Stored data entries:
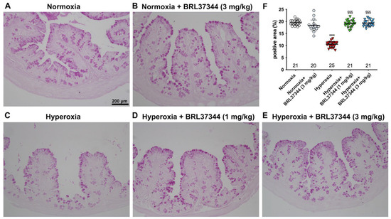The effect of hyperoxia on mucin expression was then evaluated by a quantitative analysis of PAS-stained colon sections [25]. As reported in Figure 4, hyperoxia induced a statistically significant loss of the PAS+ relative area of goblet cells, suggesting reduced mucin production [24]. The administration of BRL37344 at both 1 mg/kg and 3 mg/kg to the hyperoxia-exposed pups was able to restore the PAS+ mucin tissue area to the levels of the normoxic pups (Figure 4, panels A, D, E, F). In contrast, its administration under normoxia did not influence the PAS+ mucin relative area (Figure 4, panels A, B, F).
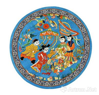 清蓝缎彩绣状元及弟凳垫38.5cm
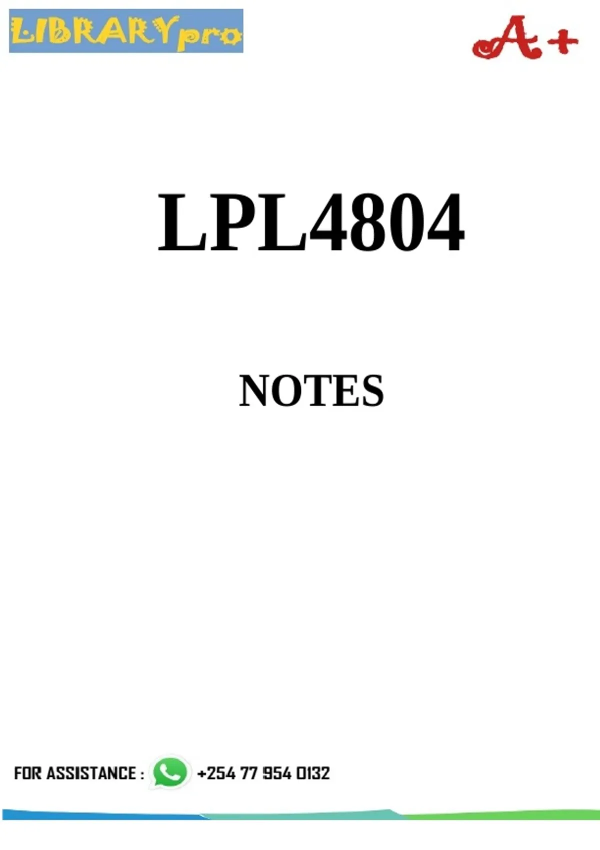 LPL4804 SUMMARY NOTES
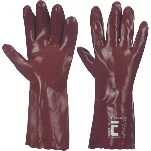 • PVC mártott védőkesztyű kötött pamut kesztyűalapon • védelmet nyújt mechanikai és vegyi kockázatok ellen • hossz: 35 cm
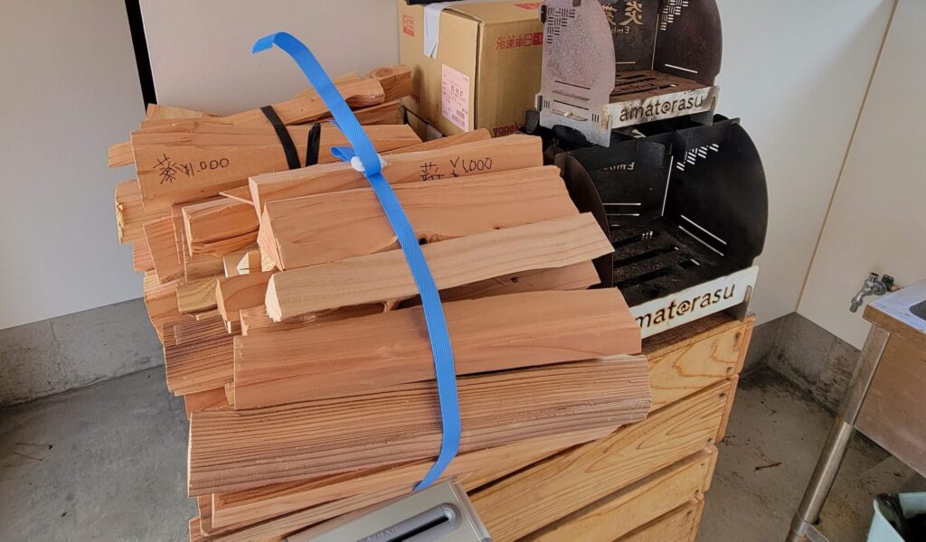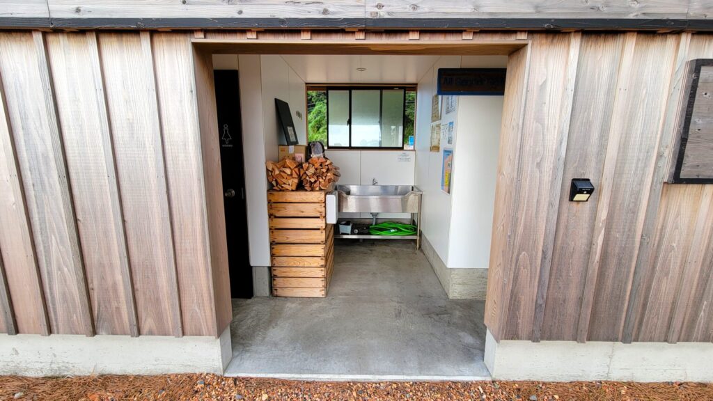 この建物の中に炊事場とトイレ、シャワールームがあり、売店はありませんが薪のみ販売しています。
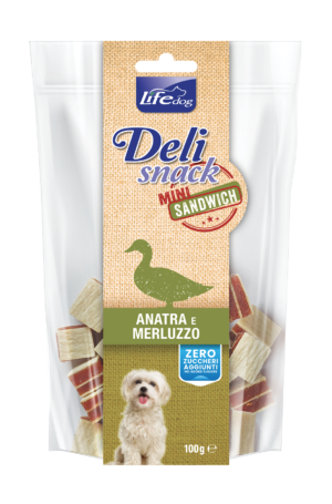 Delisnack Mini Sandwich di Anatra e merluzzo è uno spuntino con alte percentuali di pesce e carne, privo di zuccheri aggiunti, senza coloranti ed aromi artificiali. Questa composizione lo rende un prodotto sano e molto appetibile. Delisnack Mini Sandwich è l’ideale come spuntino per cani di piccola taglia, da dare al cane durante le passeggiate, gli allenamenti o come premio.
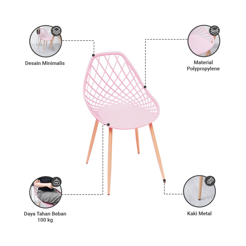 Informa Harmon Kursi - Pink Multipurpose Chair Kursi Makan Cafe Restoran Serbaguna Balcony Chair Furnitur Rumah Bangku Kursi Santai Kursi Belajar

Your assignment
Transcribe all of the entries word for word, but skip any pictures they contain.

Solution
The effect of hyperoxia on mucin expression was then evaluated by a quantitative analysis of PAS-stained colon sections [25]. As reported in Figure 4, hyperoxia induced a statistically significant loss of the PAS+ relative area of goblet cells, suggesting reduced mucin production [24]. The administration of BRL37344 at both 1 mg/kg and 3 mg/kg to the hyperoxia-exposed pups was able to restore the PAS+ mucin tissue area to the levels of the normoxic pups (Figure 4, panels A, D, E, F). In contrast, its administration under normoxia did not influence the PAS+ mucin relative area (Figure 4, panels A, B, F).
 清蓝缎彩绣状元及弟凳垫38.5cm
 LPL4804 SUMMARY NOTES
 • PVC mártott védőkesztyű kötött pamut kesztyűalapon • védelmet nyújt mechanikai és vegyi kockázatok ellen • hossz: 35 cm
 この建物の中に炊事場とトイレ、シャワールームがあり、売店はありませんが薪のみ販売しています。
 Delisnack Mini Sandwich di Anatra e merluzzo è uno spuntino con alte percentuali di pesce e carne, privo di zuccheri aggiunti, senza coloranti ed aromi artificiali. Questa composizione lo rende un prodotto sano e molto appetibile. Delisnack Mini Sandwich è l’ideale come spuntino per cani di piccola taglia, da dare al cane durante le passeggiate, gli allenamenti o come premio.
 Informa Harmon Kursi - Pink Multipurpose Chair Kursi Makan Cafe Restoran Serbaguna Balcony Chair Furnitur Rumah Bangku Kursi Santai Kursi Belajar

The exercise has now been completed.